In these and other decisions, California courts have applied the parentage statutes broadly to protect children born to heterosexual parents in a variety of “non-traditional” situations – regardless of biology or marital status, and regardless of whether the UPA specifically contemplates the situation at hand. In stark contrast, the recent appellate decisions addressing children born to same-sex couples have refused to protect the children of these families by preserving existing parent-child relationships and assuring each child the support of two parents.

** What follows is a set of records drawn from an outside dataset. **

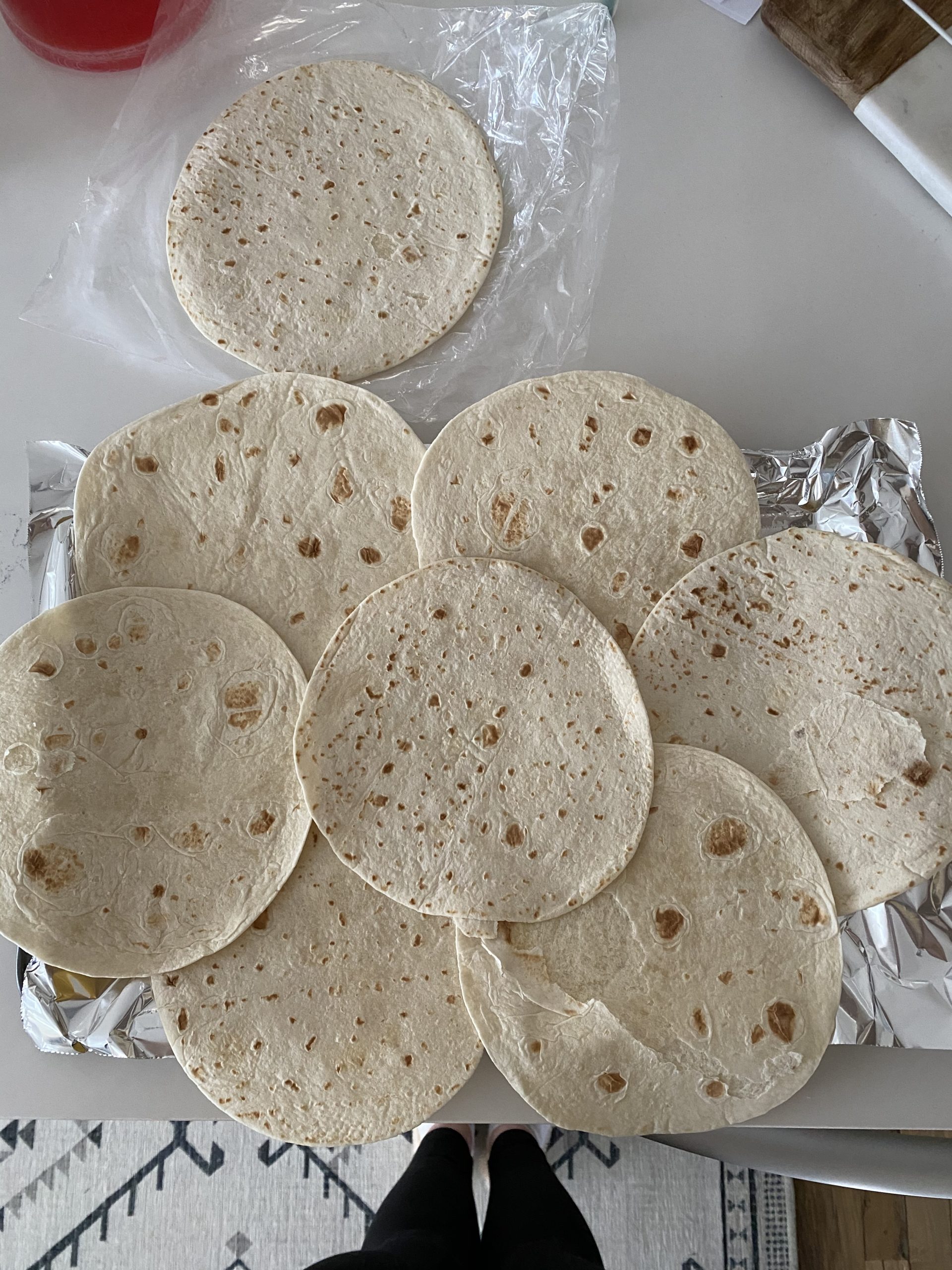 - Preheat oven to 350. Place 6 of the flour tortillas around the edges of the lightly sprayed sheet pan. Make sure the tortillas overlap and are hanging halfway over the edge of the pan, leaving a gap in the center. Then, place 1 tortilla over the bottom center gap of the sheet pan. See example picture below.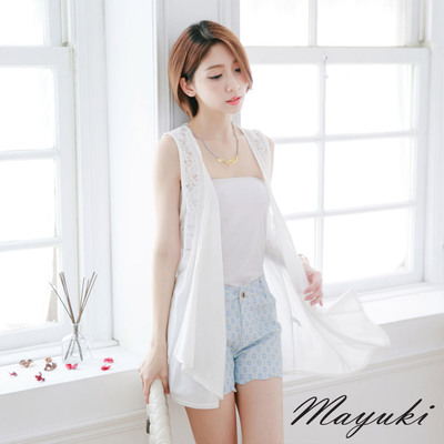 東京著衣-MAYUKI 蕾絲拼接無袖垂墜開襟外套(共二色)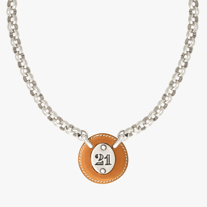 Collar bañado en Plata con chapa 21 forrada en cuero. Talla ajustable desde 32 a 50 cm. Peso: 93,3 gr.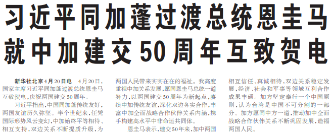 4月20日,国家主席习近平同加蓬过渡总统恩圭马互致贺电,庆祝两国建交50周年。(今日《人民日报》1版)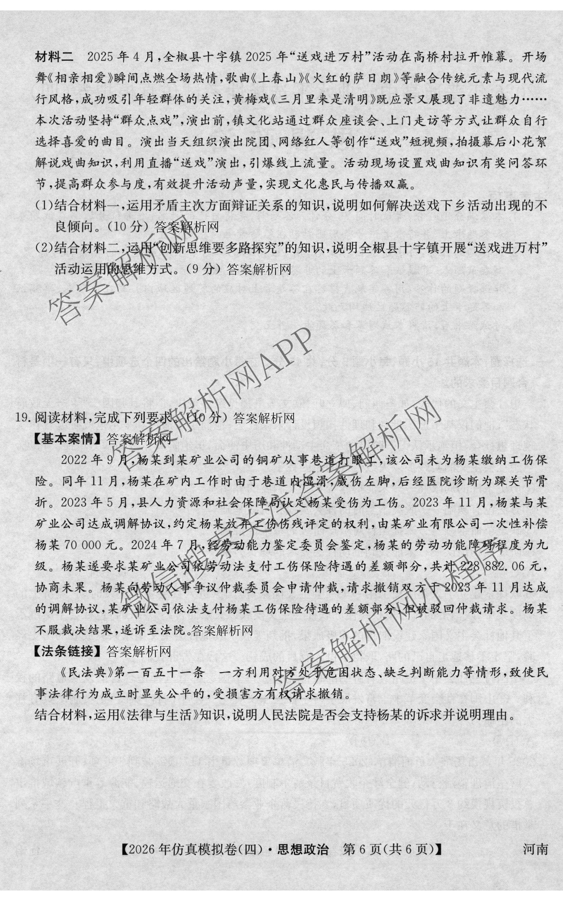 2026年普通高中学业水平选择性考试仿真模拟卷(四)4政治(河南)试题,目前衡水金卷先享题答案网已经汇总了2026年普通高中学业水平选择性考试仿真模拟卷(四)4政治(河南)试题的各科答案和试卷,获取更多全国高考仿真模拟卷答案解析,请在关注本站。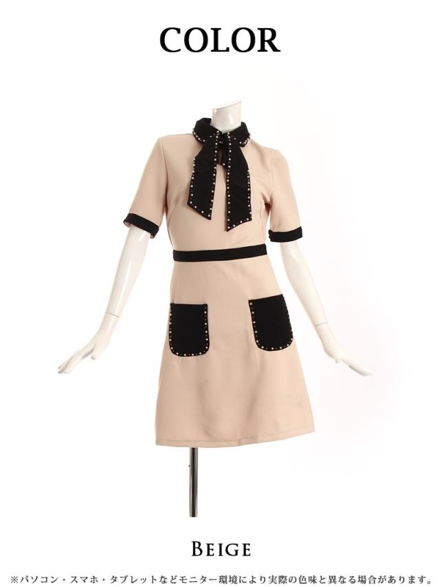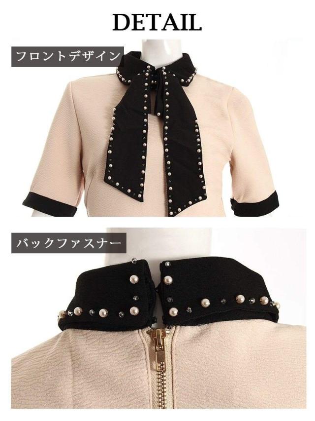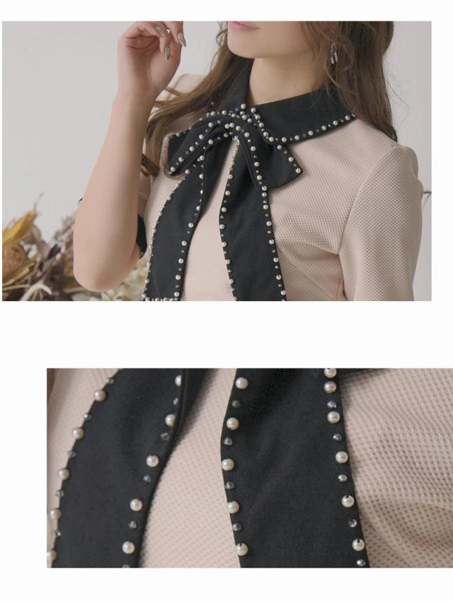 ☆パールが施されたリボンタイできっちり感もフェミニンさも演出してくれるキャバクラドレス。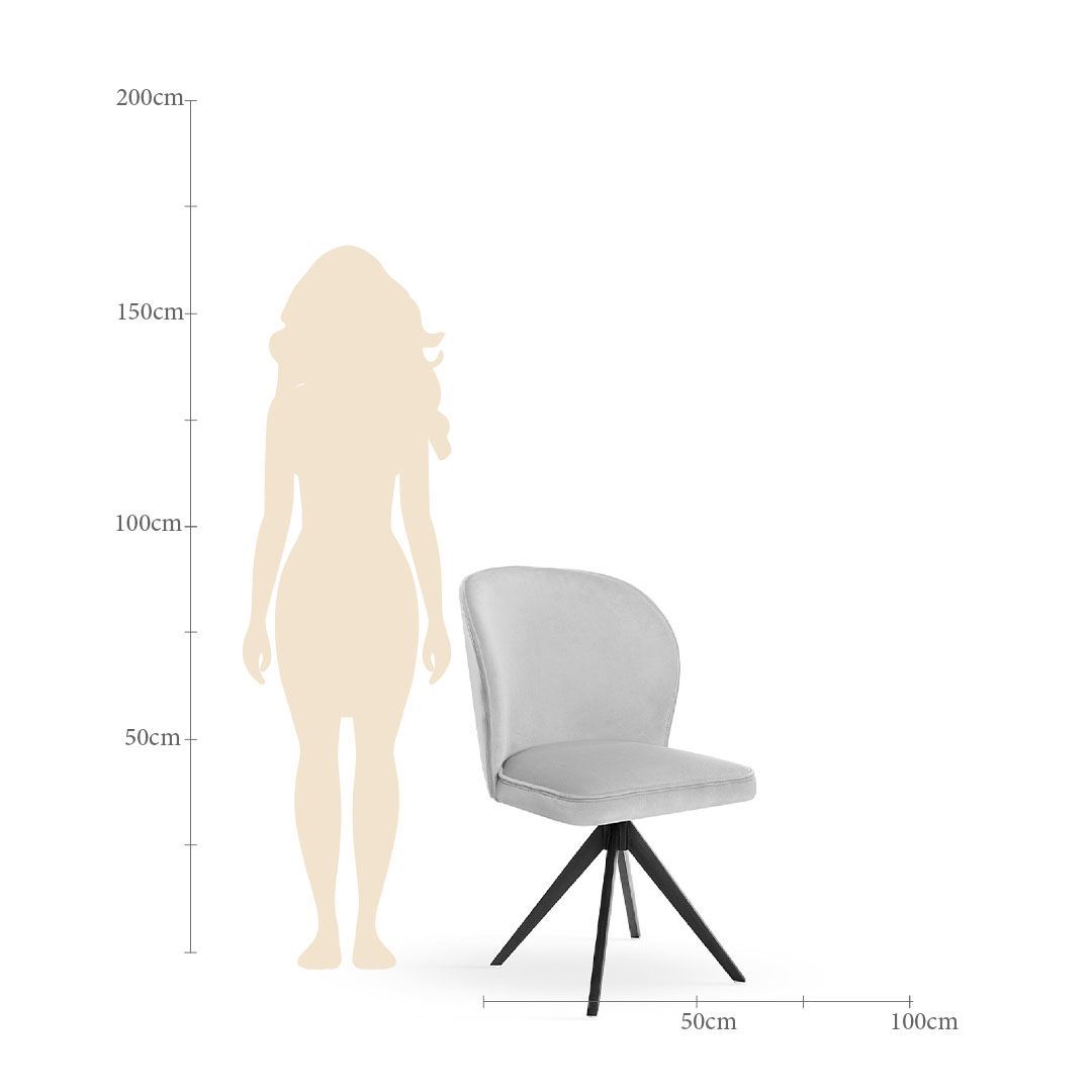 Dimensiuni:Latime: 54 cmAdancime totala: 60 cmAdancime sezut: 48 cmInaltime totala: 87 cmInaltime sezut: 46 cmGreutate produs: 7,9 kgSarcina maxima suportata: 100 kgNumar colete: 1Material: scaun realizat pe structura din lemn, cu tapiterie textila din catifea si picioare metalice vopsite negru Culoare: gri deschis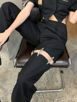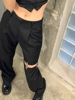 SKU: EDA0162BO002M Categories: Bottoms, Pants, Straight Leg Pants Tag: Black Belted Cutout Straight Leg Pants online

In Elisa B. v. Superior Court (2004) 118 Cal.App.4th 966, both women in a lesbian couple used the same anonymous sperm donor to become pregnant. Prior to the children’s birth, the women agreed that they would raise the children together as siblings in a two-parent family. Elisa gave birth to one child; Emily, her partner, gave birth to twins, one of whom is severely disabled. After the children’s birth, Emily stayed home to care for the children, and Elisa supported the family financially. Elisa left the relationship when the twins were approximately two years old, taking her biological child with her. Emily, who was left with two children — one of them disabled — and no means of support, applied for public assistance from El Dorado County, and the county in turn sued Elisa for child support. In late May of this year, the Court of Appeal, Third District held that Elisa was not a legal parent. As a result, the twins are left with only one legal parent and with a future of requiring public assistance to support them.

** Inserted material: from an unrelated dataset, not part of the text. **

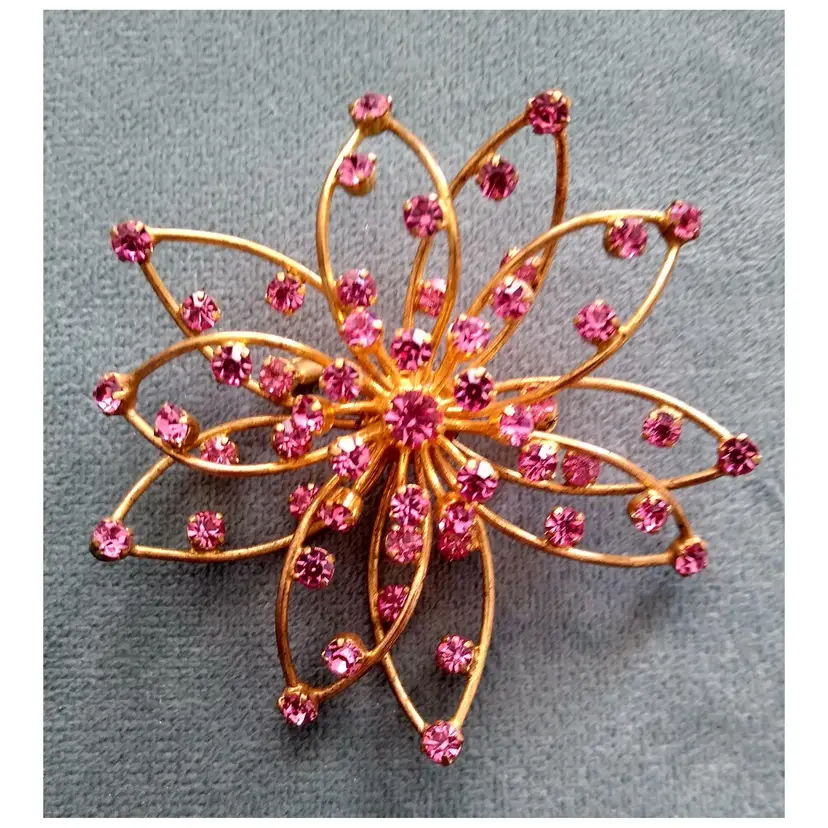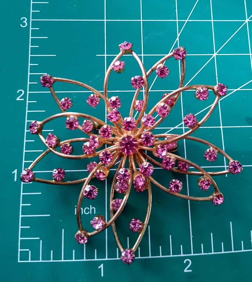 Add a pop of color with this stunning vintage brooch featuring vibrant pink rhinestones arranged in a floral design. Perfect for any outfit!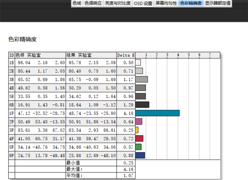 在屏幕色彩精准度测试中,Delta最小值为0.25,最大值为4.16,平均值为1.07。

In Kristine H. v. Lisa R. (6/30/2004) 2004 Daily Journal D.A.R. 8053, a lesbian couple decided to have a child together through artificial insemination. Prior to the child’s birth, the couple obtained a judgment holding that both women were the child’s legal parents, based on the holdings in Johnson v. Calvert (1993) 5 Cal.4th 84 and Buzzanca and on a broad construction of Family Code section 7613. The couple separated two years later. In a decision issued on June 30, 2004, the Court of Appeal, Second District, Division 3, invalidated the original judgment. Notwithstanding the holdings in Johnson and Buzzanca that couples who use reproductive technology to procreate are legal parents, the Court of Appeal found that the judgment of parenthood in Kristine H. was “void and of no legal effect.” Contrary to the holding in Elisa B., the court did suggest that the non-biological mother could petition for parenthood under Family Code section 7611(d), which provides that a man who welcomes a child into his home and holds the child out as his own is presumed to be the father of the child.

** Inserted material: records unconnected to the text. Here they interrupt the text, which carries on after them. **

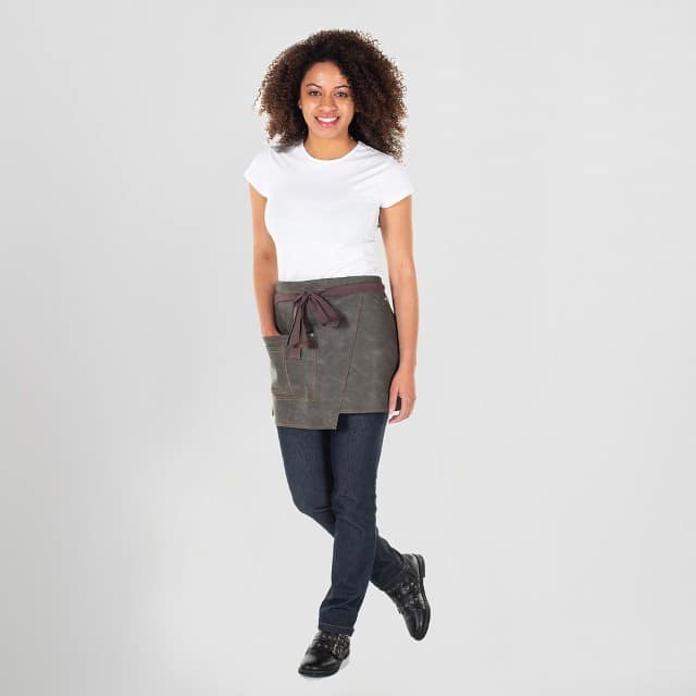 - Descripción: Delantal corto confeccionado en polipiel con las cintas para anudar en algodón. Dispone de dos bolsillos delanteros y enganche para el bolígrafo. Perfecto para uniforme de camarero en bares y restaurantes, barbería o comercio.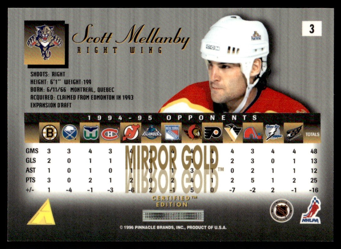 | 1995-96 Select Certified Mirror Gold Scott Mellanby Florida Panthers #3 |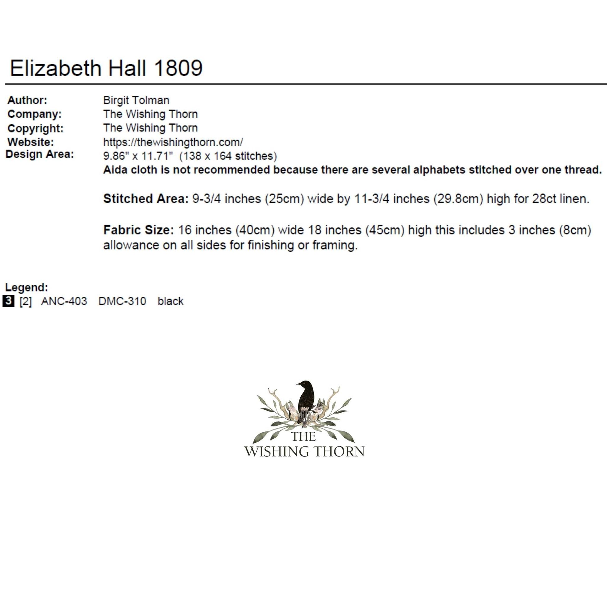 Elizabeth Hall 1809 Sampler Pattern PDF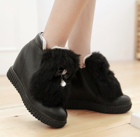 Women's Flat Bowknot Shaggy White Snow Boots
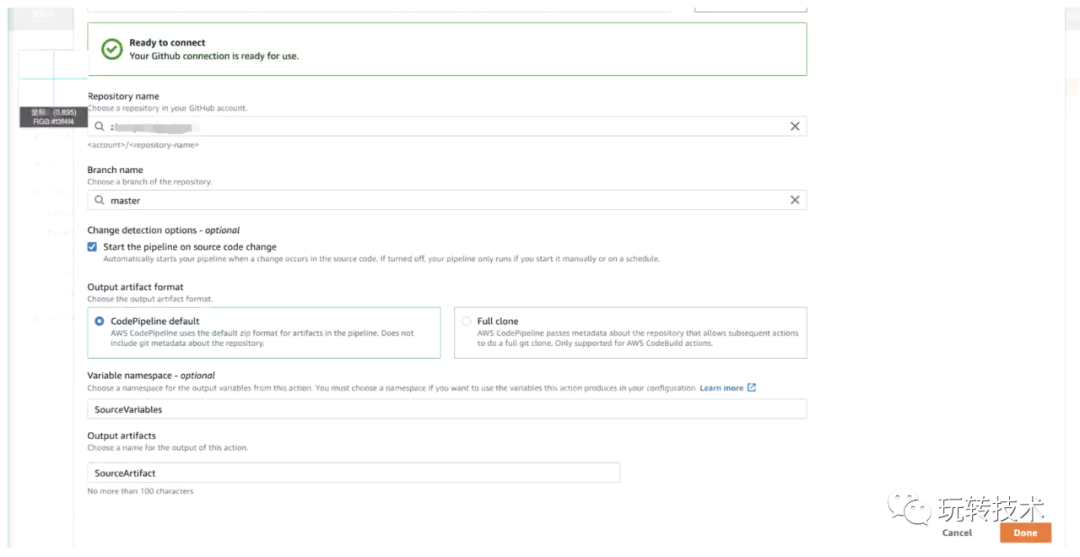 Output artifacts "定义codepipline输出下一步源名称,下一个目标引用(下面会看到)"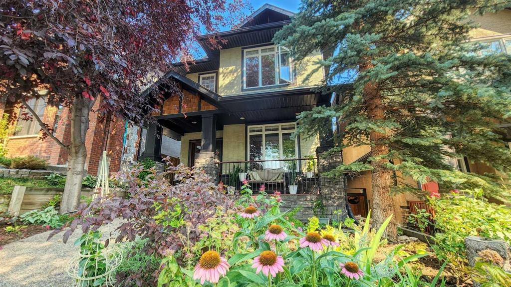 Detached, 2.5 storey home with over 2800 of living space on a wide lot. A welcoming front porch opens to the spacious front foyer, flex room and main floor featuring 9 foot ceilings and hardwood floors. Open concept floor plan; spacious kitchen with full height, interior lit cabinetry, large centre island, gas stove, walk in pantry and classic mosaic tile. A dining room and family room with a gas burning fireplace completes this level. Well-arranged upper floor has a large primary bedroom, 5 piece en-suite, walk-in closet plus 2 more generous bedrooms. Great, large laundry room set up with washing basin which makes this chore a breeze. Terrific third floor; bright loft space with over 340 sq.ft., perfect for an additional family room or enormous office. Professionally, fully finished basement with in floor heat, fourth bedroom, 4 piece bath and an ideal media/games room equipped with a great entertainment bar! Fully landscaped and treed lot. Enjoy morning coffee or unwind in the private rear yard with aggregate terrace and lush landscaping. Well located on a quiet street, great inner city location, minutes to downtown, City Parks and the Bow River pathway system. Other noteworthy attributes include: 2023 Tankless on Demand Water Heater, Media System throughout, newer Garage Shingles, House Shingles approx. 8 years old.

In K.M. v. E.G. (2004) 118 Cal.App.4th 477, the Court of Appeal, First District, Division 5, examined the case of a lesbian couple where one woman provided eggs, which were inseminated in vitro using donor sperm and then implanted into the uterus of the other woman. The two women — one the genetic mother and the other the gestational mother — raised the resulting twins together for more than five years. The twins looked to both of them as parents, as documented in the record. Yet, the court found that the genetic mother had only intended to be an egg donor at the time of conception, and held her to this intent, ignoring the parent-child relationship she established over 5 years of acting as a full-time, in-home parent.

In general, media discussion of these cases has centered on the rights of lesbian and gay couples to have their adult relationships legally recognized. This is not surprising, given the current national focus on the issues of civil unions, domestic partnerships and marriage equality. However, the recent appellate cases are actually about the rights of the children of same sex couples. And, distressingly, reading these cases together leads inescapably to the conclusion that the California courts are interpreting the law to hold that children of same sex couples are not entitled to the same protections as children of opposite sex couples.
The Uniform Parentage Act was adopted by California in an effort to end the status of “illegitimacy” for the children of unwed heterosexual California couples. The recent cases noted above show that children of same-sex couples have become the new “illegitimate” children of our state. It is time for this practice to end.